Changed are made by the patch.

<action-state id="submit">
 <action bean="authenticationViaFormAction" method="submit" />
  <transition on="warn" to="warn" />
  <transition on="success" to="sendOwaTicket" />
  <transition on="error" to="viewLoginForm" />
</action-state>

<action-state id="sendOwaTicket">
 <action bean="sendOwaTicketAction" method="submit" />
  <transition on="success" to="sendTicketGrantingTicket" />
</action-state>

<action-state id="sendTicketGrantingTicket">
  <action bean="sendTicketGrantingTicketAction" />
  <transition on="success" to="serviceCheck" />
</action-state>

The action-state sendOwaTicket is included between submit(success) and sendTicketGrantingTicket.

cas-servlet.xml

The logout mapping is changed to include OWA logout (which delete OWA cookies)

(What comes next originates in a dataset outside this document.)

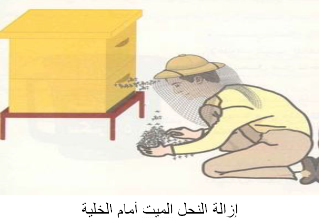 - تواجد كميات من النحل الميت على باب الخلية وحولها بشكل عشوائي.

<bean id="handlerMappingC" class="org.springframework.web.servlet.handler.SimpleUrlHandlerMapping">
 <property name="mappings">
    <props>
       <prop key="/logout">
            logoutControllerSupportOWA
       </prop>
\[...\]

<bean id="logoutControllerSupportOWA" class="org.jasig.cas.support.owa.LogoutControllerSupportOWA"
     p:centralAuthenticationService-ref="centralAuthenticationService"
     p:logoutView="casLogoutView"
     p:warnCookieGenerator-ref="warnCookieGenerator"
     p:OWASessionCookieGenerator-ref="OWASessionCookieGenerator"
     p:OWACadataCookieGenerator-ref="OWACadataCookieGenerator"
     p:followServiceRedirects="true"
     p:ticketGrantingTicketCookieGenerator-ref="ticketGrantingTicketCookieGenerator" />

The OWAConnection bean is configured in this file too :

<bean id="OWAConnection"
   p:host="real-owa-server"
   p:port="443"
   p:scheme="https"
   p:owaauth="/exchweb/bin/auth/owaauth.dll"
   p:owalogon="/exchweb/bin/auth/owalogon.asp"
   p:trusted="4"
   p:flags="4"
   p:destination="/exchange/"
/>

Change the p:host according to your system (put your OWA real server). The p:flags configuration with value 4 means that the connection is a public connection (to be sure that the OWA cookie will expire after the CAS cookie).

How to debug ?

I use Firefox, Firebug (to see urls call, http header and OWA response) and AnEC Cookie Editor (to play with cookies).